I enjoy being on the open road alone.  I enjoy it immensely.  In exercising privacy and absence from the company of others, the pressure to be everyone else’s definition of “a person” flitters away and I am reintroduced to myself.

And how much I prefer quiet solitude over the whispering multitudes.

Seven states and over 3100 miles later, I returned to San Francisco after spending a week on the open road — the pinnacle being upper Glacier National Park in Montana.  I camped wherever I could stake a site and woke up to views of the best kind: towering pine trees and mountain ranges nestled among sleepy skies.  I delighted in the still moments during morning twilight — laying in my sleeping bag, looking into the endlessness of earth.

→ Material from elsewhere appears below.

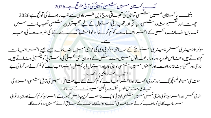 By 2026, solar energy is projected to be a key part of Pakistan’s energy landscape, offering a cleaner and more affordable power solution amid rising electricity prices and environmental concerns. Despite challenges like policy uncertainty and high upfront costs, strategic planning and supportive regulations can unlock its potential. Continued progress in solar energy is expected to enhance energy security, reduce reliance on imported fuels, and promote economic stability.

I drove in and out of different towns, teetered on mountain ledges, charted and touched lightly the unfamiliar places, observed the glimmering gold of lakes and rivers.

Grand Teton, Yellowstone, Glacier.  There was not a shortage of national forests in between them.  Wyoming stole my heart.  The Montanan landscapes were everlasting.  Two showers in the span of eight days.  Daily fasting with discipline.  Hiking alone through grizzly territory.  Herds of bison, a couple of elks, a mountain goat, two foxes, three bears (two black, one grizzly), and countless horses.  After years of preparing, planning, and putting off this expedition, being able to experience the northwestern US without distraction from any cohort felt (for lack of a better or more succinct word) right.  

It was personal — this trip.  I had no wish to extend any invitation.  This was a retreat into the rehabilitating elements of nature and the aloneness very few know how to navigate and embrace.  I think it to be something remarkable when one can find happiness and contentment in sitting by herself, disconnected from the vast majority of her fellow humans, being fully present and feeling the shifts in life's fleeting moments.

It is a challenge to articulate and explain the true context of my experience.  However, amid the deep lack of, instead of finding it jarring, I find the blank space to be more than enough.